The process of rehabilitating from microfracture surgery is long and arduous.

According to the Steadman Clinic in Vail, Colo., where Oden had his first microfracture surgery on his left knee, the rehab begins immediately after surgery with a continuous passive motion that helps increase the range of motion. Slowly, the patient is able to build up strength in the knees and can begin participating in sports such as basketball that require pivoting, cutting and jumping four to six months after the procedure.

However, the success rate for professional athletes coming back from microfracture surgery is promising.

In January, Dr. Harlan Selesnick, the Heat’s team doctor, wrote about microfracture surgery in his weekly column published by the Miami Herald. He mentioned a study of professional athletes that showed that “40 percent of the athletes who received microfracture surgery return to play at their previous level, 40 percent return to play in a diminished capacity and 20 percent were unable to return to professional sports.”

Oden’s patience has been tested many times in the past four years as he has inched closer to joining the 80 percent who come back and play.

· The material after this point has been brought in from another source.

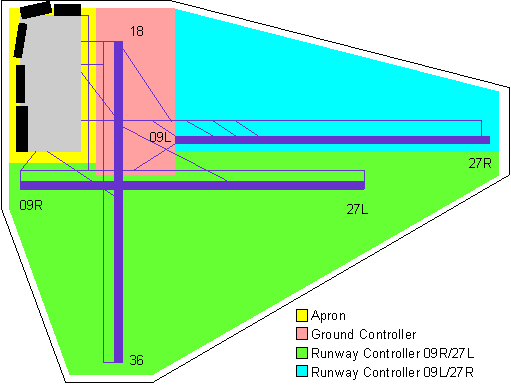 The implementation plan was well prepared. It included a commitment from management and gained the acceptance of Sometown Airport. The ATC Tower cap was rebuilt for the introduction of a new ground position and the controllers were trained in handling the new concept. The new ground position would handle the traffic, typically taxiing from crossing runway 18/36 and east of the runway, e.g. for departure runway 09L or 27L, after landing runway 09R or 27R until they had crossed runway 18/36 (fig. 2).

He said he can’t rush himself and risk injuring his knee again, so perseverance is the only option.

“With everything I’ve been through, I’ve got to be patient,” Oden said. “I understand my knee is a work in progress, so I’m going to make sure I’m not going to injure it again. The only thing I can do is be patient.”

Whenever fans see Oden hit the deck, they are going to hold their breath. Heck, even his teammates and coaches are likely to do the same. But Spoelstra said he won’t let that be a distraction.

“You have to get past it,” he said. “We’re not even thinking about that. Once he’s out there, he’s playing without any restrictions. You can’t hesitate, you can’t over think your reactions. And that’s part of the process.”


Titus has known Oden since the two were in the seventh grade in 2001. They played on the same team for much of the time from then until Oden went to Ohio State, where Titus was a walk-on. Oden lives down the street from Titus in Indiana during the offseason, and Titus said they talk about once a month.

Despite the close relationship, Titus said he struggles to understand what Oden’s thought process has been throughout this ordeal other than gleaning some basic principles about Oden’s mind-set.

“He knows now that he’s on borrowed time,” Titus said. “He’s taking nothing for granted in that regard. He’s just focusing day-by-day and just blessed to have an opportunity, and he’s just really humble about it.”

At this point, Oden is making the most of his opportunities with the Heat, whenever they come. He has proved he has not lost his skills and can still glide smoothly up and down the court for six or seven minutes at a time.

Spoelstra said Oden has all the tools necessary to be a consistent player in the NBA, he just won’t rush the development and healing process and risk losing him for a long period of time — another long period of time.

“He’s a great kid,” Spoelstra said. “He’s been extremely diligent with his work. What we’re trying not to do is fast-track. There’s a big-time process that we need to be patient with.”

The Heat will continue to be cautious with Oden and evaluate him on a daily basis. Oden said he hopes the worst is behind him, but there will surely be a rocky road ahead.

However, his future is still murky as the results of the experiment play out. He is hopeful he will showcase his natural abilities to the rest of the league, and if he can continue to prove himself valuable to the Heat this year, the door will be open for him to become a regular player in the NBA once again.

“Greg’s role moving forward is predicated on what Greg does the rest of the season,” Conley said. “His future is on his shoulders, not Miami’s.”